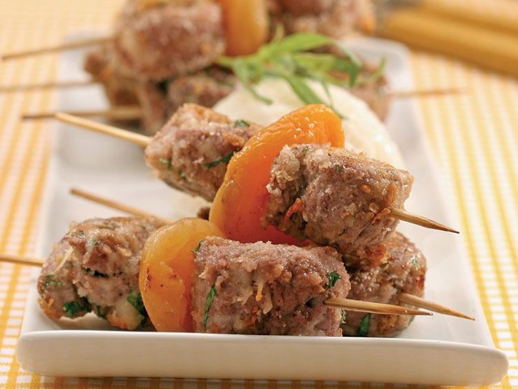 - Rulo etleri ikişer ikişer aralarına birer kayısı ilave ederek şişlere geçirin..
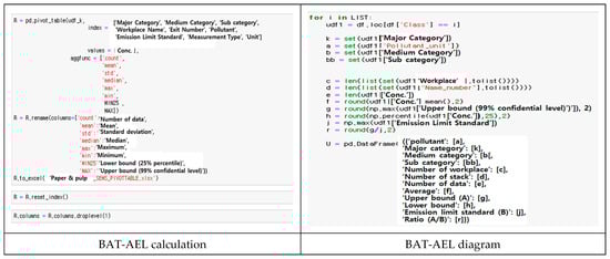 Figure 6 illustrates the BAT-AEL calculation procedure, along with a comparison between the Excel-based manual and Python-based automated methods. An example of Python coding for BAT-AEL calculation is presented in
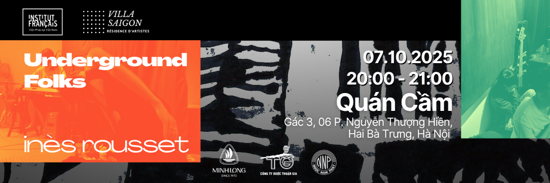 Gặp gỡ Inès Rousset trong buổi chia sẻ về quá trình nghiên cứu tại Hà Nội cho dự án “Underground Folks”: các cuộc gặp gỡ với nghệ sĩ/nhà sản xuất/nhà sưu tầm, khảo sát bối cảnh, tư liệu và ghi chép thực địa xoay quanh lịch sử âm nhạc underground tại Việt Nam, đặc biệt là folk.
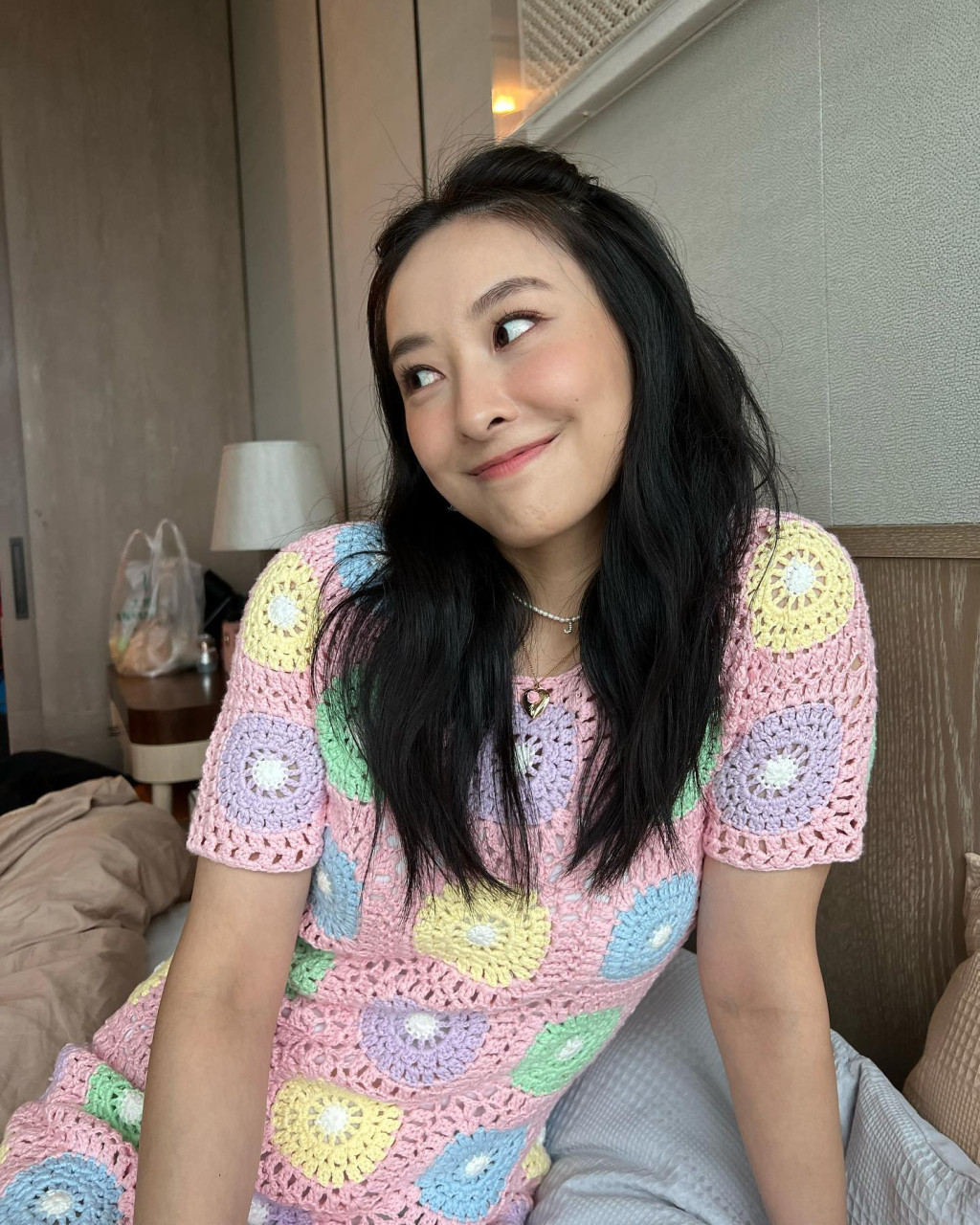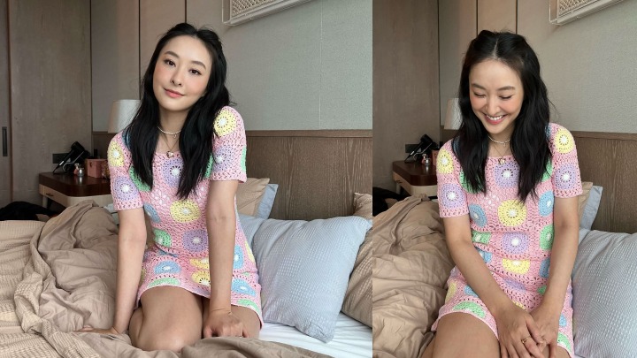 无线“女神”陈滢不时在社交网派“军粮”分享性感相,深得一众网民欢迎。早前陈滢又分享靓相,身穿彩色针织连身裙的她疑似身处酒店房,跪在床上,由于连身裙较短,遭网民指她险露春光,网民都戥好担心,留言着她小心走光。
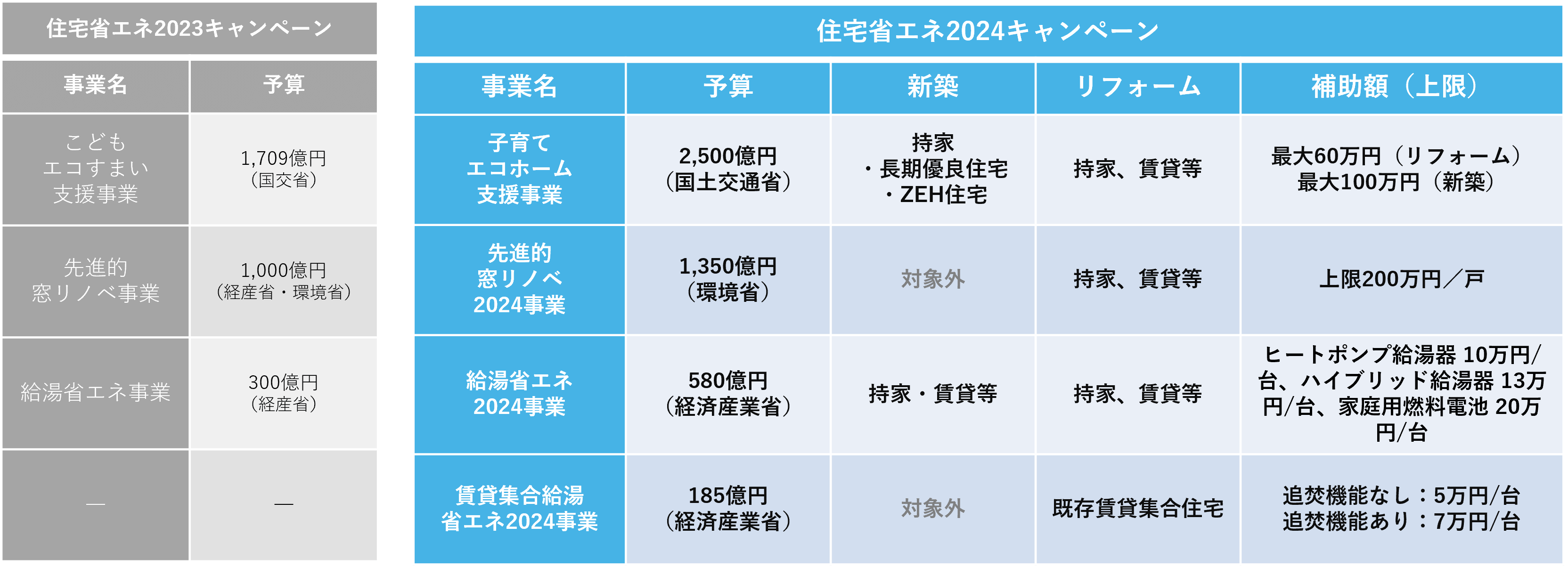 2024年に注目の補助金制度として「住宅省エネ2024キャンペーン」があります。このキャンペーンは、2050年カーボンニュートラルの実現に向け、家庭部門の省エネを強力に推進するため、住宅の断熱性の向上や高効率給湯器の導入等の住宅省エネ化を支援する4つの補助事業の総称です。2023年にも同様のキャンペーンはありましたが、2024年版ではさらに「賃貸集合給湯省エネ2024事業」が新たに追加され、予算と補助金の支給額が大幅に増額されました。

::::::

§ **AIM OF THE EXERCISE**:
The full text of the data above, exact and without pictures, is what to return.

§ **RESULT OF THE TASK**:
 - Rulo etleri ikişer ikişer aralarına birer kayısı ilave ederek şişlere geçirin..
 Figure 6 illustrates the BAT-AEL calculation procedure, along with a comparison between the Excel-based manual and Python-based automated methods. An example of Python coding for BAT-AEL calculation is presented in
 Gặp gỡ Inès Rousset trong buổi chia sẻ về quá trình nghiên cứu tại Hà Nội cho dự án “Underground Folks”: các cuộc gặp gỡ với nghệ sĩ/nhà sản xuất/nhà sưu tầm, khảo sát bối cảnh, tư liệu và ghi chép thực địa xoay quanh lịch sử âm nhạc underground tại Việt Nam, đặc biệt là folk.
 无线“女神”陈滢不时在社交网派“军粮”分享性感相,深得一众网民欢迎。早前陈滢又分享靓相,身穿彩色针织连身裙的她疑似身处酒店房,跪在床上,由于连身裙较短,遭网民指她险露春光,网民都戥好担心,留言着她小心走光。
 2024年に注目の補助金制度として「住宅省エネ2024キャンペーン」があります。このキャンペーンは、2050年カーボンニュートラルの実現に向け、家庭部門の省エネを強力に推進するため、住宅の断熱性の向上や高効率給湯器の導入等の住宅省エネ化を支援する4つの補助事業の総称です。2023年にも同様のキャンペーンはありましたが、2024年版ではさらに「賃貸集合給湯省エネ2024事業」が新たに追加され、予算と補助金の支給額が大幅に増額されました。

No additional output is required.